The preventive restructuring will thus enable the entrepreneur to continue his activities and help avoid bankruptcy or insolvency.

The law is currently in the second parliamentary reading. Its effectiveness is proposed from 01/05/2022 and 17/07/2022 in some of its sections.

Enhanced protection for men - fathers

The new Labour Code is intended to provide men with the same level of protection as women currently enjoy regarding childcare.

At present, the employer at the end of the employment relationship in the probation period is limited only concerning women – pregnant mothers up to the end of the ninth month after delivery and breastfeeding women. An employment relationship may be terminated during the probation period only in exceptional cases unrelated to pregnancy or motherhood and must be duly justified; otherwise, it is void.

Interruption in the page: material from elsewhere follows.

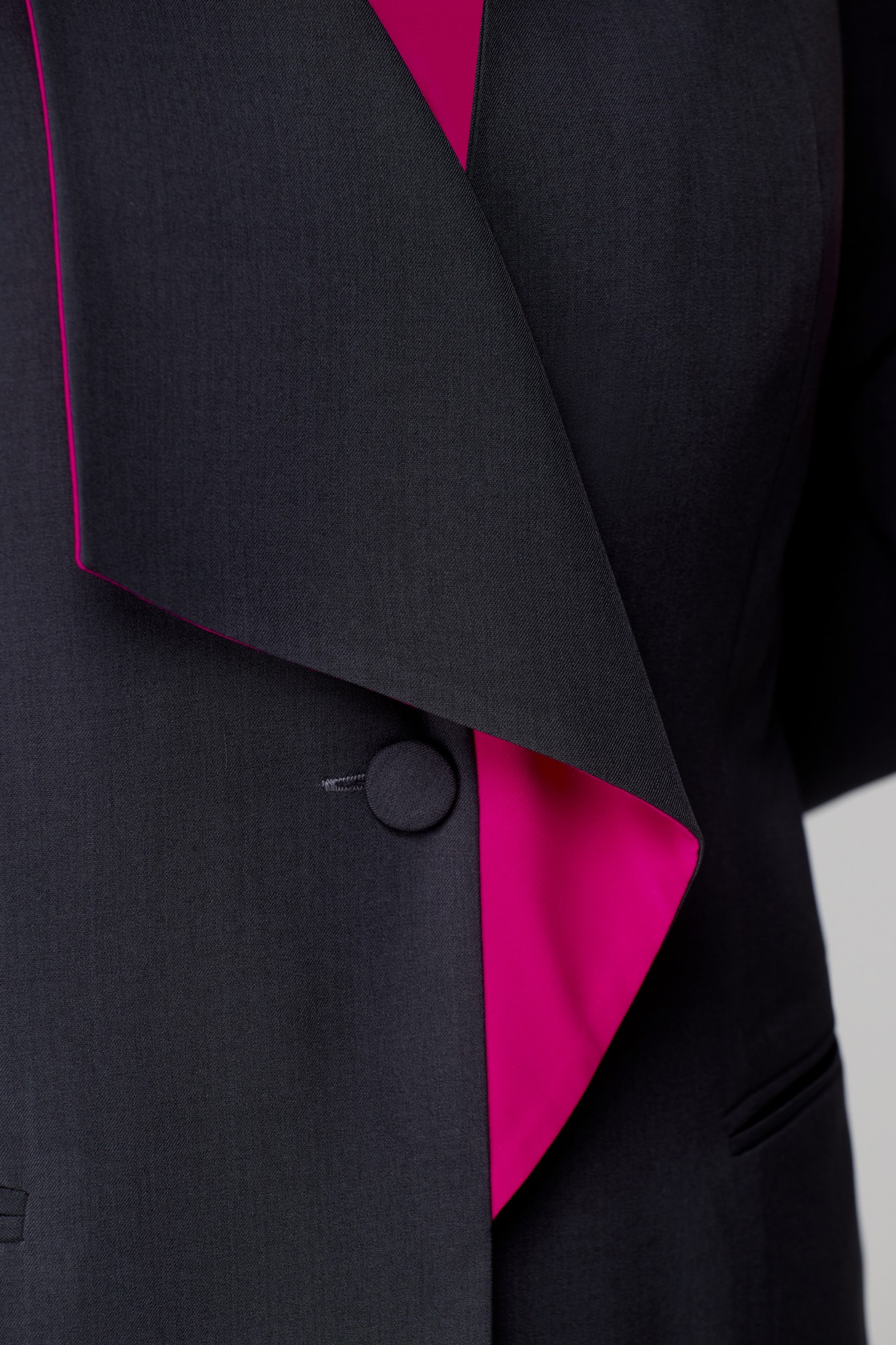 Комплект женский. Жакет на подкладке с центральной застежкой на 1 петлю и пуговицу с асимметричным воротником и контрастной отделкой. По переду функциональные карманы. Спинка с рельефом выходящим из плеча и средним швом. Рукав втачной двухшовный с контрастной манжетой. Блузка с округлым вырезом горловины и спущенной линией плеча. Брюки классические средней посадки с боковыми карманами. Пояс с резинкой по бокам.

The new legislation is intended to protect against termination of employment during the probationary period for men to ensure that they have the same right (as women) to care for a child. The employer will be able to terminate the employment relationship in the probation period with the employee-man on paternity leave only under the same conditions as they currently apply to women.

The proposed effective date of the amendment is 01/08/2022.